The Insight global solutions and services group saw third quarter sales grow 9%, with most of the increase generated by the acquired PCM business.
For the three months ending 30 September, net sales were $1.9bn (€1.7bn), with gross profit jumping 18% to $276m. Net sales across EMEA were up 9% to $356m.
The PCM acquisition was completed at the end of August, so it contributed to one month of the quarter. Insight CEO Ken Lamneck (pictured) said: “We are working diligently to integrate their [PCM's] business into ours to ensure we optimise execution in the market opportunity of the combined business, and deliver our commitment to realise $70m in run-rate cost synergies by the end of 2021."
He added: "To date, we have completed the organisational review of the combined senior leadership team, completed our planning efforts around brand and finalised our timeline for e-commerce and core systems integration.

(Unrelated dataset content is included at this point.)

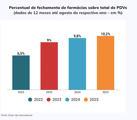 O índice de fechamento de farmácias chegou ao seu maior nível e pela primeira vez representa mais de 10% do total de lojas com operações iniciadas nos últimos três anos. Os dados da Close-Up International correspondem aos últimos 12 meses até agosto de 2025 e a explicação passa, sobretudo, pelos estabelecimentos de pequeno porte.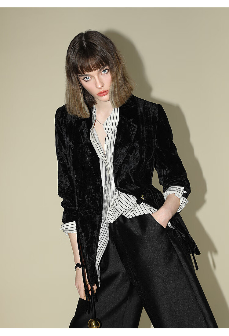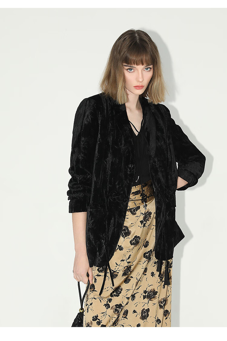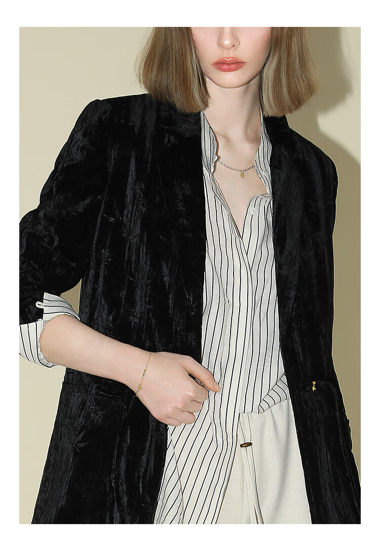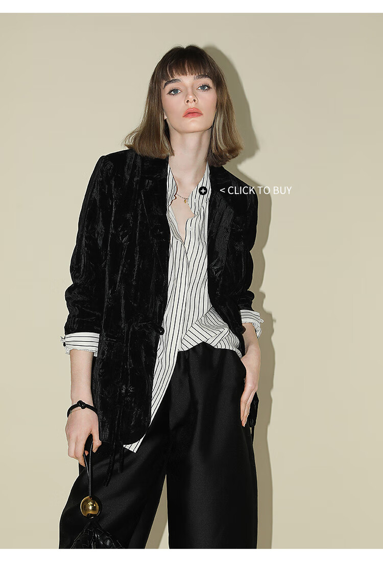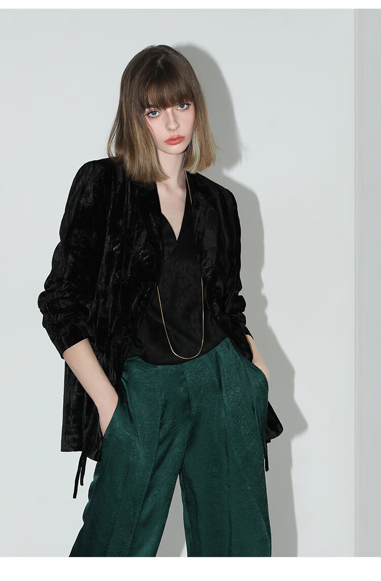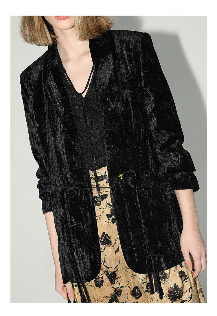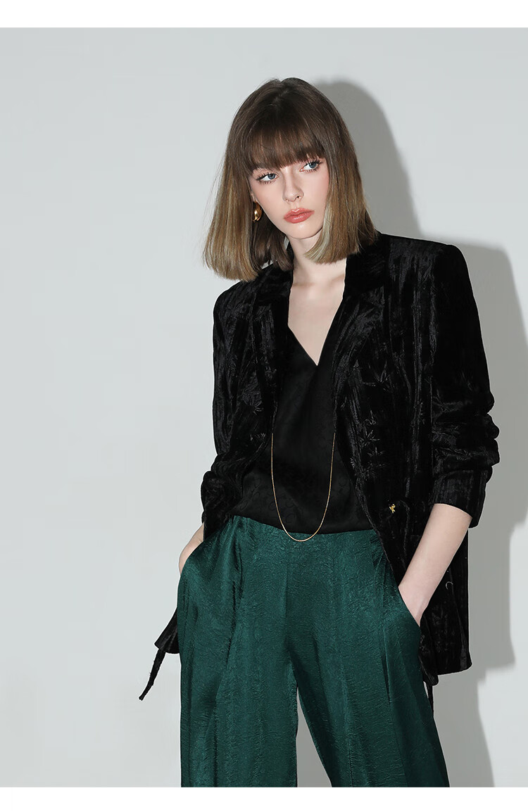 【有赞】COCOBELLA新中式竹叶拓印压褶丝绒西装女国风盘扣外套SI3007B

"We expect to substantially complete the systems integration work by mid-2020. We are also on track to deliver more than half of the expected cost synergies by the end of 2020."
Insight also intends selling four of PCM's five US offices over the next year, saying they are "significantly underutilised". They will be replaced with other facilities.
For its full year 2019 guidance, the group said sales are expected to grow between 9% and 11%, including PCM. Capital expenditure is expected to reach $70m to $75m, which includes the $48m purchase of a new corporate HQ in the US.